She traveled with her boyfriend, Michael Boulos, local media reported. He was in Belgrade on March 15, according to his Instagram:

The State Department document describes the 25-year-old Georgetown University law student as a “Senior High Level USG VIP traveling with a delegation inclusive of support elements in: Security, Logistics, Communications, Logistics and Operations.”

USG stands for “US Government,” implying that Trump, who does not have a job in her father’s administration, was traveling as a government official, but that designation appears to be a mistake. (Trump’s children who aren’t working in the White House, Donald Jr., Eric, and Tiffany, are regularly referred to in contracting documents as “VIPs,” this is the first one known to describe one of the three as being connected to the government.) The State Department did not put the booking out for competitive bids because “security concerns prohibit sufficient advanced notification of VIP travel,” the document says. 

A Trump Organization spokesperson who speaks for Tiffany Trump didn’t reply to questions about the trip. A State Department spokesperson sent this response: 

Our US Embassies and Consulates provide logistical support to multiple federal agencies responsible for assisting with WH travel (in this case the President’s adult children)—including the Departments of State and Defense, the U.S. Secret Service, and the White House Communications Agency. A FOIA request to each of these entities would be the appropriate way to obtain more detailed information.

Advance teams decided which hotel was most suitable for Trump and her staff, according to the federal document, which adds that location was a determining factor. The Square Nine is in central Belgrade, about a 10-minute walk from the city’s 19th-century bohemian quarter. Room rates range from about $200 to $1,450 a night. It opened in 2011 and was designed by Brazilian architect Isay Weinfeld. Reviewers have called the hotel’s rooftop Japanese restaurant “easily the poshest spot in town.”

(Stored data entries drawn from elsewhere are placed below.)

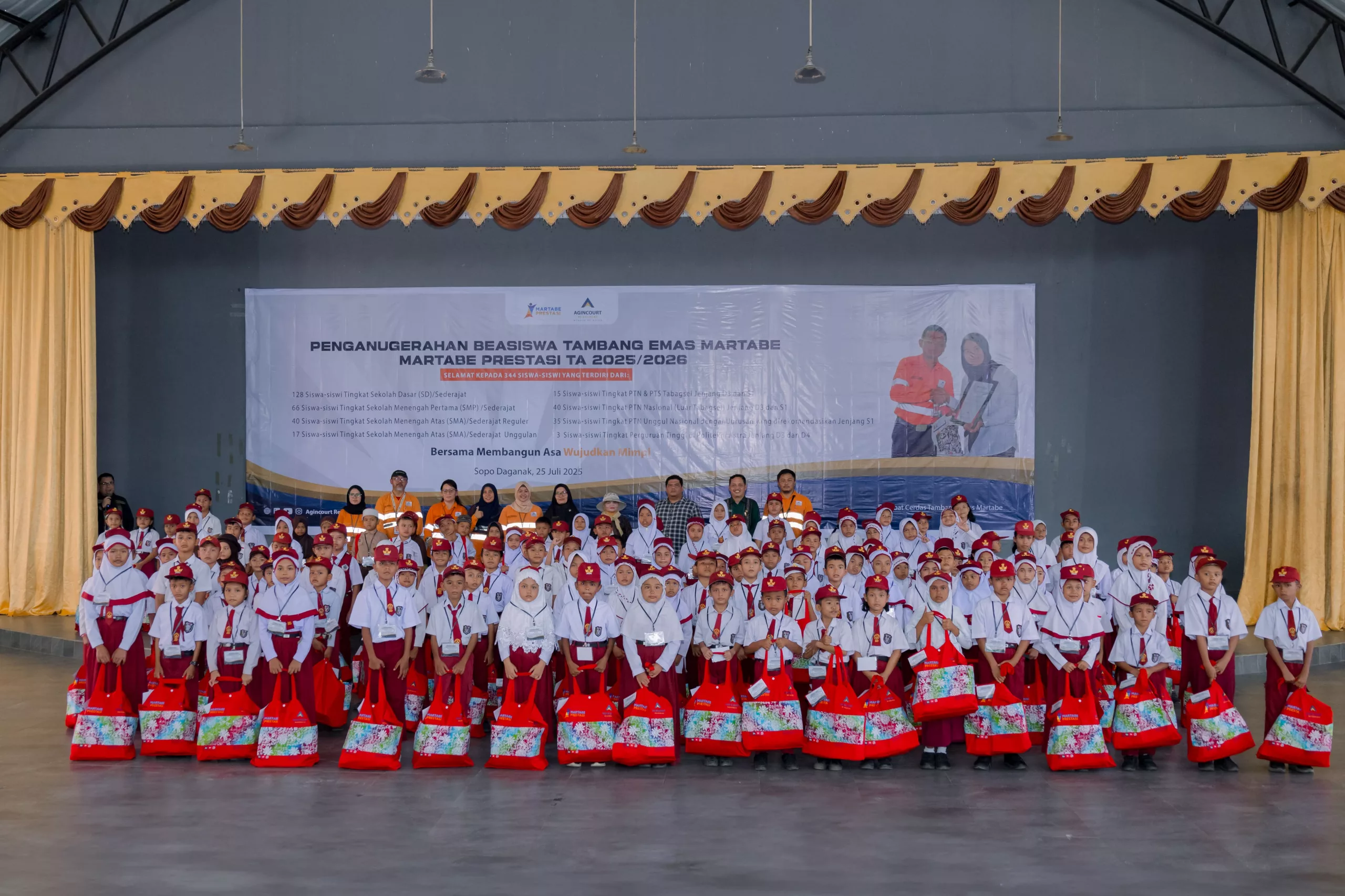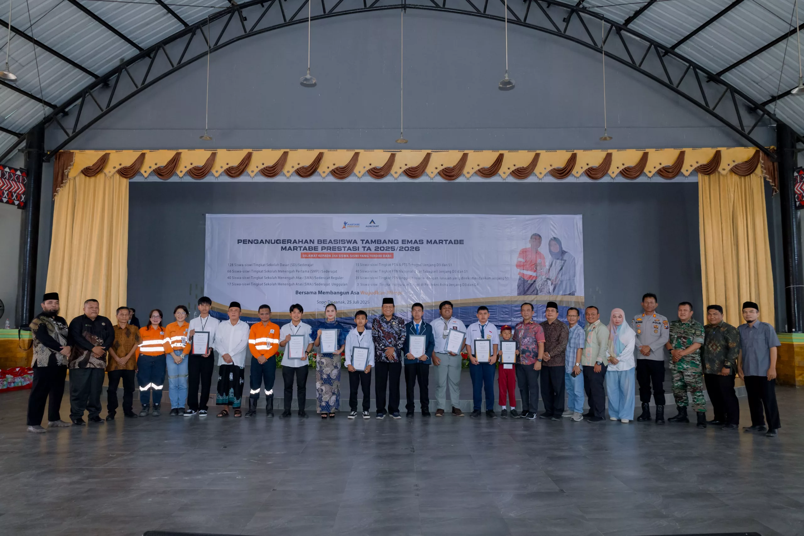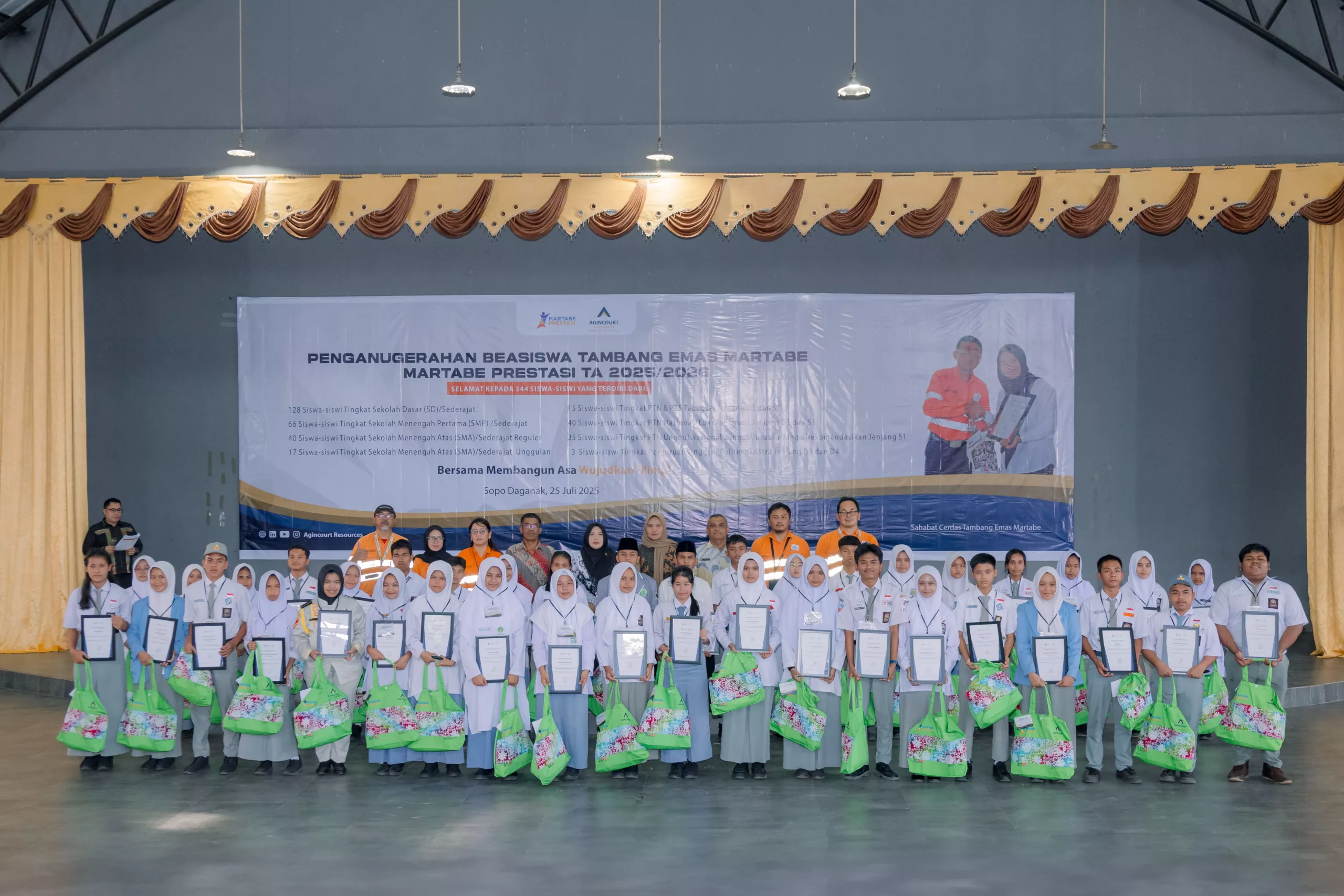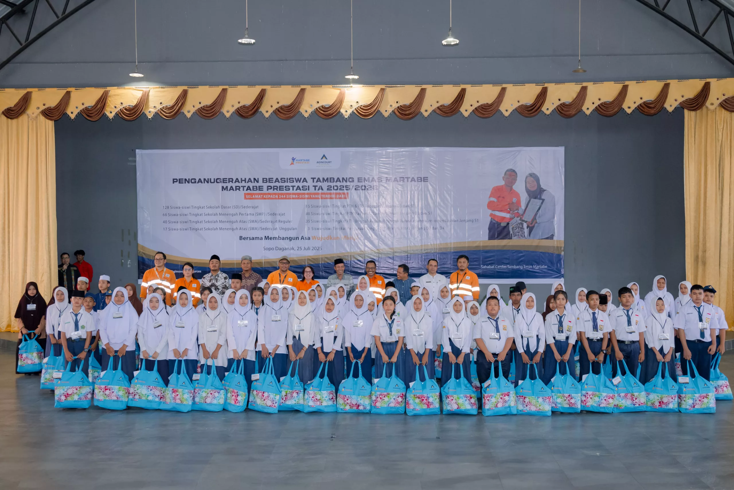 On Friday, 25 July 2025, Agincourt Resources held the Martabe Achievement Scholarship Award Ceremony for the 2025/2026 academic year at Sopo Daganak, Napa Village, Batang Toru Subdistrict. A total of IDR 5.97 billion in scholarship funds was disbursed to 569 students and university students from South Tapanuli and Padangsidimpuan, North Sumatra.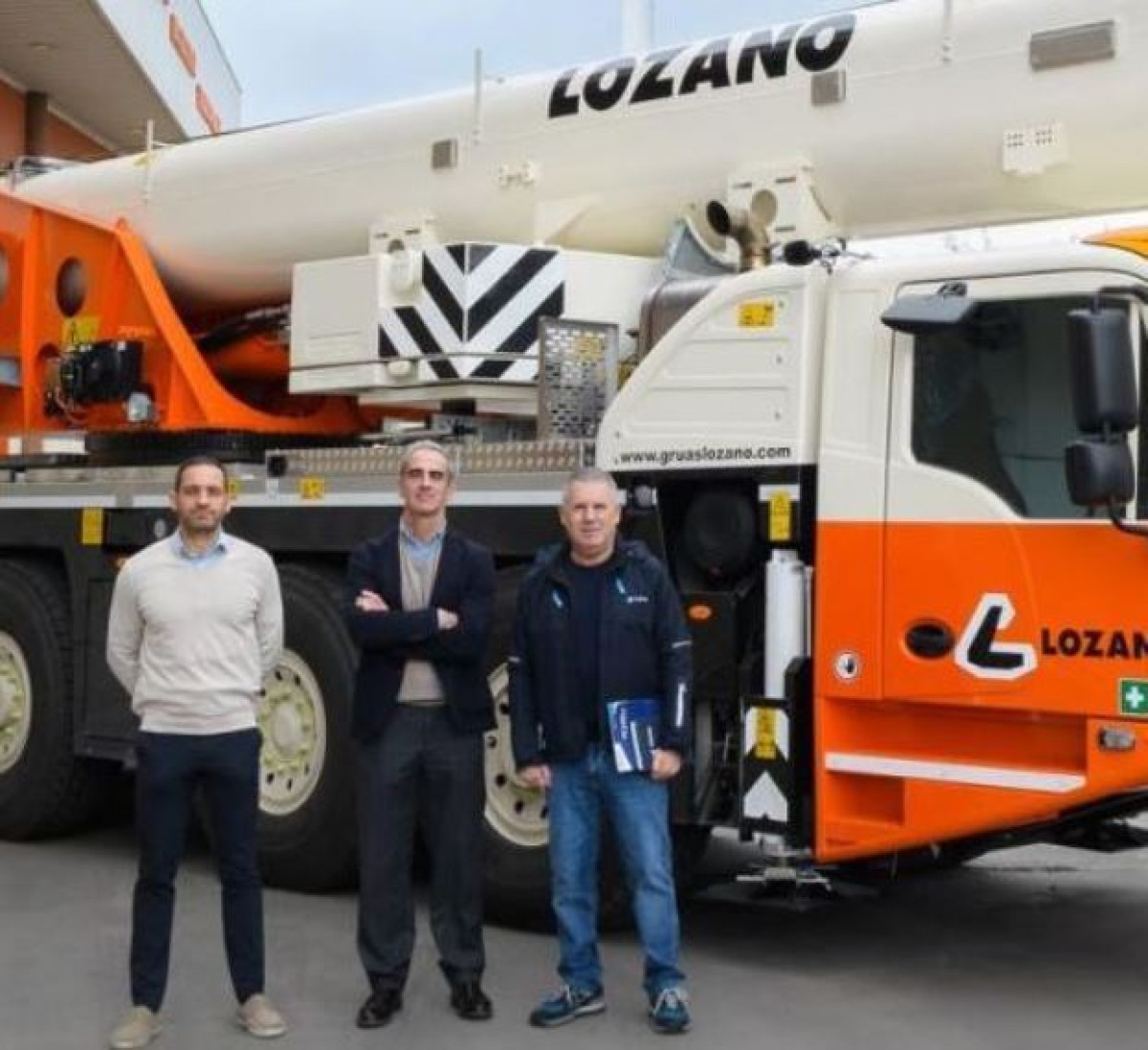 Im Einzelnen (v.l.): Fernando Gonzalez und Salvador Artés von Grúas Lozano mit Gustavo Rafael Cortina von Tadano Spanien & Portugal------------------------------Der spanische Kran- und Arbeitsbühnenvermieter Grúas Lozano hat einen neuen All-Terrain-Kran vom Typ Tadano AC 4.080-1 mit 80-Tonnen Traglast in Empfang genommen.--------------------------Der vierachsige AC 4.080-1 verfügt über einen siebenteiligen 60 Meter langen Ausleger und ist mit einer 8,5 bis 16 Meter langen Doppelklappspitze ausgestattet. Dadurch erreicht er eine maximale Auslegerhöhe von fast 79 Metern und eine Steilstellung von 40 Grad. Der Kran kann bis zu 9,3 Tonnen Gegengewicht bei einer Achslast von 12 Tonnen mitführen.-------------------------------------Das Unternehmen wurde 1959 von Juan Lozano López gegründet. 1991 nahm es Arbeitsbühnen ins Portfolio auf. Heute hat es seinen Hauptsitz in Alcalá de Guadaíra bei Sevilla und unterhält fünf weitere Standorte für Kran- und Höhenzugangstechnik, darunter Granada, Cádiz, Málaga, Huelva und Badajoz, sowie drei spezialisierte Bühnendepots in Almería, Córdoba und Jaén. Die All-Terrain-Kranflotte umfasst Tragfähigkeiten von 35 bis 700 Tonnen sowieGittermastkrane bis 450 Tonnen. Die Bühnenflotte 600 Einheiten, darunter Ausleger- und Scherenarbeitsbühnen, Raupen-, Mast- und Anhängerarbeitsbühnen sowie kleine LKW-Bühnen, gekrönt von einer 43-Meter-Boom. Es betreibt außerdem ein IPAF-Schulungszentrum.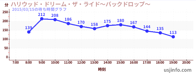 • ハリウッド・ドリーム・ザ・ライド〜バックドロップ〜$B$N(B2015年03月15日の待ち時間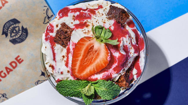 Purée de fruits rouges, menthe, citron vert, jus de cranberry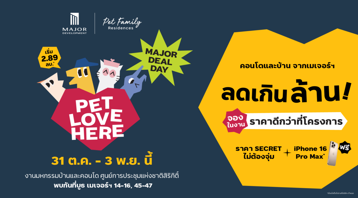 บริษัท เมเจอร์ ดีเวลลอปเม้นท์ จำกัด (มหาชน) ผู้นำด้านการพัฒนาธุรกิจอสังหาริมทรัพย์ระดับลักชูรีและผู้บุกเบิกแนวคิดคอนโดมิเนียมเลี้ยงสัตว์ได้ (Pet Family Residences) จัดเต็มความคุ้มค่า ลดกระหน่ำทุกดีลรับซีซันใหม่ส่งท้ายปี ขนกองทัพโครงการคุณภาพบน Prime Location รวม 8 โครงการ ตอบสนองความต้องการด้านไลฟ์สไตล์ให้ครบทุกครอบครัว ในงานมหกรรมบ้านและคอนโด ครั้งที่ 46 ณ ศูนย์ประชุมแห่งชาติสิริกิติ์ ระหว่างวันที่ 31 ตุลาคม – 3 พฤษจิกายน พ.ศ.2567 เตรียมต้อนรับผู้ที่สนใจเข้าชมบ้านและคอนโดมิเนียมภายในงาน พบโปรโมชันสุดฮอตให้ถึง 2 ดีล และส่วนลดสูงสุดถึง 5 ล้านบาท

Belgrade’s Square Nine hotel
Belgrade’s Square Nine hotel
Image: Square Nine hotel/LHW.com

Tiffany has been an occasional participant in official events during Trump’s campaign and presidency. She sat with her half-brothers, Don Jr. and Eric, and half-sister, Ivanka, during the State of the Union address in February, clad in a dress that matched Democratic congresswomen’s “suffragette white.” In 2017, Tiffany traveled to Budapest with her boyfriend, costing US taxpayers about $22,000

In 2013, Donald Trump met with the then-prime minister of Serbia to discuss opening a Trump hotel in Belgrade in a bombed-out former Army headquarters. That project never happened, but some Serbians remain fans of the former real estate developer, putting up billboards celebrating his 2016 presidential win.

Trips by Trump’s two older sons have cost taxpayers hundreds of thousands of dollars. An April 2017 trip to Ireland by Eric cost $4,029.85 in limousines and $11,261 in hotel fees for his Secret Service detail. A February 2017 business trip the two brothers took to the United Arab Emirates cost taxpayers $230,000.